The mean approval times (from submission to approval) for standard NMEs and new biologics doesn’t provide much optimism for drug developers either. Mean approval times have consistently increased since 2001, when the number fell just shy of 20 months, and are now running above the 25-month threshold in 2005. ( See Exhibit 2.) The average dipped slightly in 2006.

Probably most disconcerting for drug manufacturers is the skyrocketing number of new or revised "black box" warnings over the past five years. In 2001 and 2002, the numbers hovered around just over 10 box warnings a year, with a significant bump in the two subsequent years to over 30 black box warnings. Then, in 2005, the number doubles to over 60. ( See Exhibit 3).) Merck’s rofecoxib ( Vioxx) was pulled from the market in September 2004, a likely marker for FDA’s more aggressive use of tougher warnings.

Critics of the FDA point to the "black box" warnings about a potential increase in the risk of suicidality added to antidepressants in 2004 as a potential overreach by the agency. In February, the Centers for Disease Control and Prevention released statistics showing a sharp increase in pediatric and young adult suicides in 2004 for the first time in a decade, while use of antidepressant drugs simultaneously dropped. It’s not hard for critics to make the connection.

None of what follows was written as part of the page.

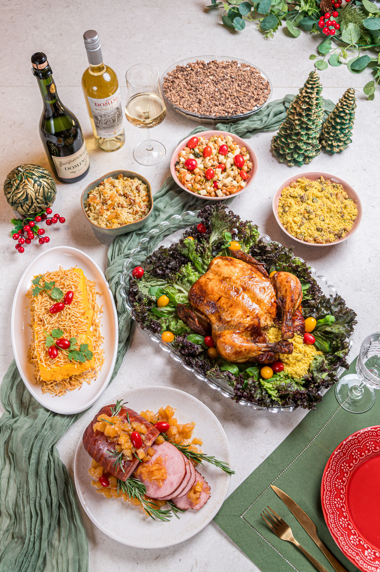 A ceia de lombo suíno contém bacon, arroz de amêndoas com cenoura, farofa crocante com coco, legumes de Natal, quarteto de molhos, trio de pães e panetone de doce de leite. Já o kit de Peixe ao Mix de Legumes traz arroz de Dubai, farofa, batata gratinada, quarteto de molhos, trio de pães e panetone de doce de leite.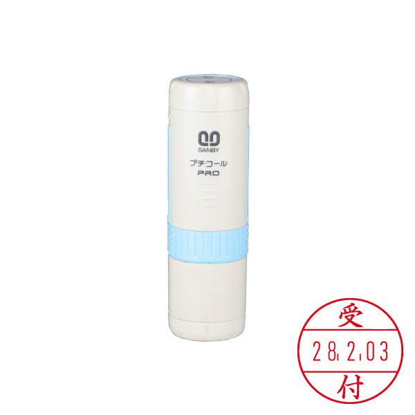 サンビー・プチコールPRO15(日付印)・元号・略西暦表示・印面直径:15mm(既製品・記帳用タイプ)【受付】・キャップ式・ブルー[SANBY・PETIT CALL PRO・PTP-15NB]

It’s not just FDA’s strictest warnings that are rising in a pronouncedly. Lesser warnings, contraindications and precautions added to labeling have also trended upward. ( See Exhibits 4 and 5)

"I don’t think that there is any debate at all that the standards have increased," says a senior official at a top 10 pharmaceutical company. Judging from the data, he may be right.

Even FDA is starting to acknowledge it. Top FDA officials say there has not been a message sent down to drug reviewers to be more cautious when reviewing applications. Instead, medical reviewers are taking it upon themselves to be more cautious based on the tense climate, they suggest.

In any case, the data provide a grim regulatory environment for the biopharmaceutical industry. And that’s the data that everybody’s talking about.